Imputing missing parental genotypes

This is performed using the impute.py script. To impute the missing parental genotypes without using phase information, use this command:

impute.py --ibd chr_@ --bed chr_@ --pedigree pedigree.txt --out chr_@ --threads 4

The pedigree along with the IBD segments shared between siblings recorded in chr_1.segments.gz are used to impute missing parental genotypes from the observed sibling and parental genotypes in chr_1.bed. The imputed parental genotypes are output to a HDF5 file, chr_1.hdf5.

Polygenic score analyses

snipar provides a script (pgs.py) for computing polygenic scores (PGS) based on observed/imputed genotypes, and for performing family based polygenic score analyses. The script computes a PGS from a weights file.

To compute the PGS using the true direct genetic effects as weights, use the following command:

pgs.py direct --bed chr_@ --imp chr_@ --weights causal_effects.txt --beta_col direct

It outputs the PGS to a PGS file: direct.pgs.txt.
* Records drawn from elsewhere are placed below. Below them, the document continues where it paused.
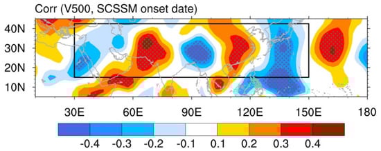 Correlation coefficients between meridional wind anomalies at 500 hPa in May and the normalized time series of the SCSSM onset date for the period of 1979–2018. Dotted areas indicate that the correlation coefficients are significant at the 95% confidence level. The black rectangle denotes the region (15° N–42.5° N, 30° E–150° E) applied to EOF analysis in Figure 3.
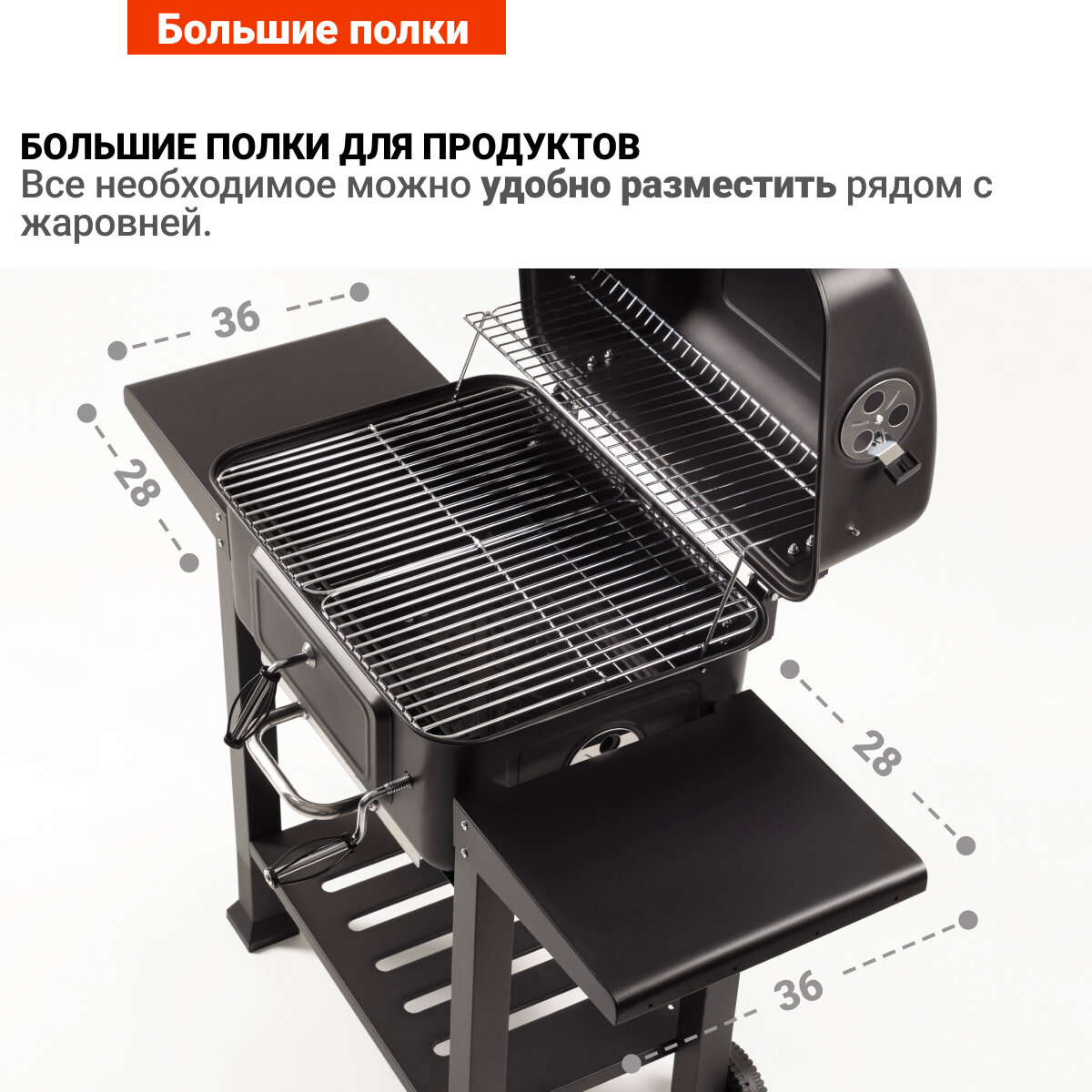 | Особенности | дровница / колёса / решетка / термометр |
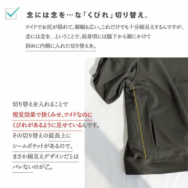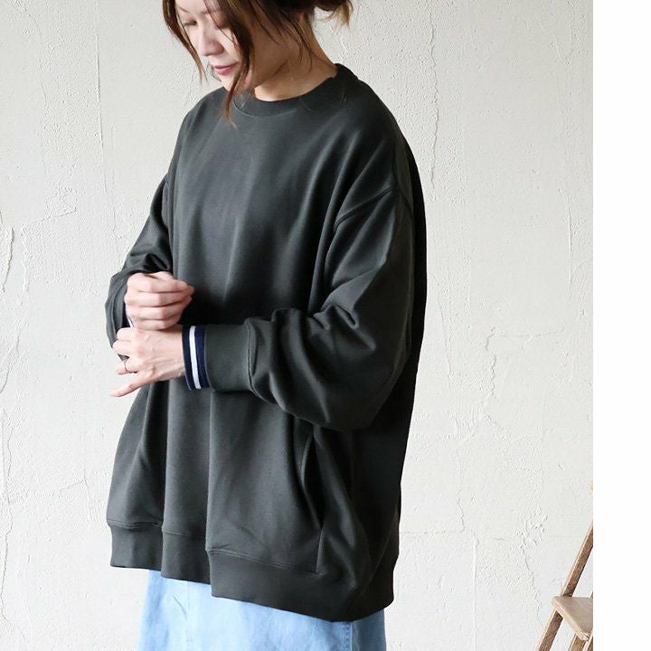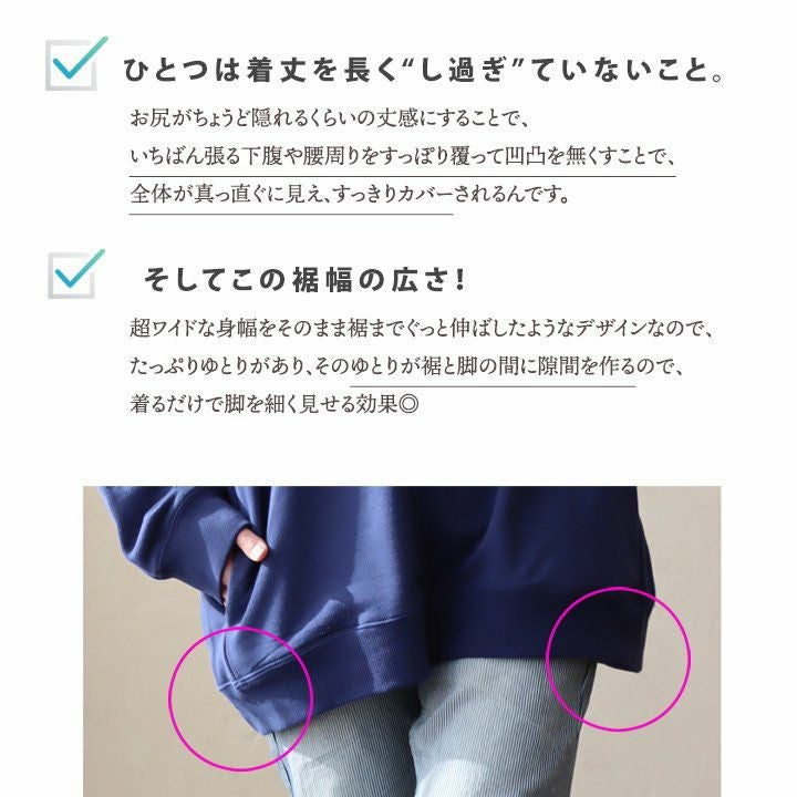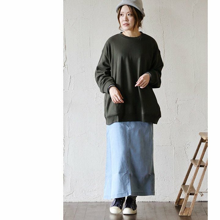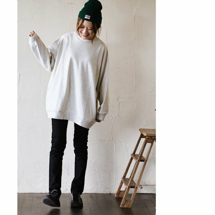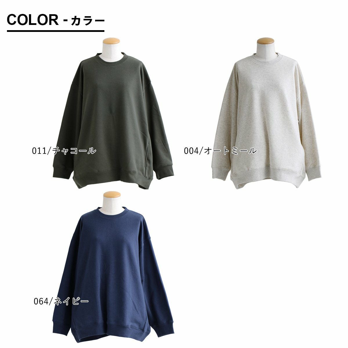 軽い着心地、目を惹くルーズ感、隠れるお尻。 トレーナー スウェット レディース クルーネック 着痩せ ワイド オーバーサイズ 裏毛 柔らか 軽い 綿100 コットン ポケット リブ カジュアル 体系 お尻 カバー 大きめ パティ TOneontoNE トーン
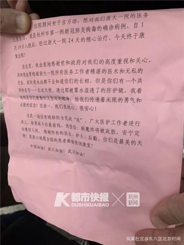 “或許我永遠都不會知道你們的長相,但是你們有一個共同的名字——白衣天使!”32歲的沈先生(化名)是杭州市第一例確診的新冠肺炎患者。經過浙大一院24天的精心救治,2月12日下午,沈先生終於痊癒出院。

The pgs computation script automatically estimates the correlation between parents PGS values (also using full-sibling offspring PGS values to do this) and performs an adjustment for assortative mating when using the imputed parental genotypes to compute the PGS.

To estimate direct effect and average NTC of the PGS, use the following command:

pgs.py direct --pgs direct.pgs.txt --phenofile phenotype.txt

This will output a population effect estimate (1 generation model) to direct.1.effects.txt, and direct effect and average NTC estimates to (2 generation model) to direct.2.effects.txt. The population and direct effect estimates are the coefficients on the proband PGS in the 1 and 2 generation models, so are indicated by the ‘proband’ row. The average NTC estimate is the coefficient on the parental PGS in the two-generation model. The first column gives the name of the covariate/PGS column, the second column gives the estimated regression coefficient, and the third column gives the standard error of the estimate. The sampling variance-covariance matrix of the estimates is output to direct.1.vcov.txt (for the 1 generation model) and direct.2.vcov.txt (for the 2 generation model).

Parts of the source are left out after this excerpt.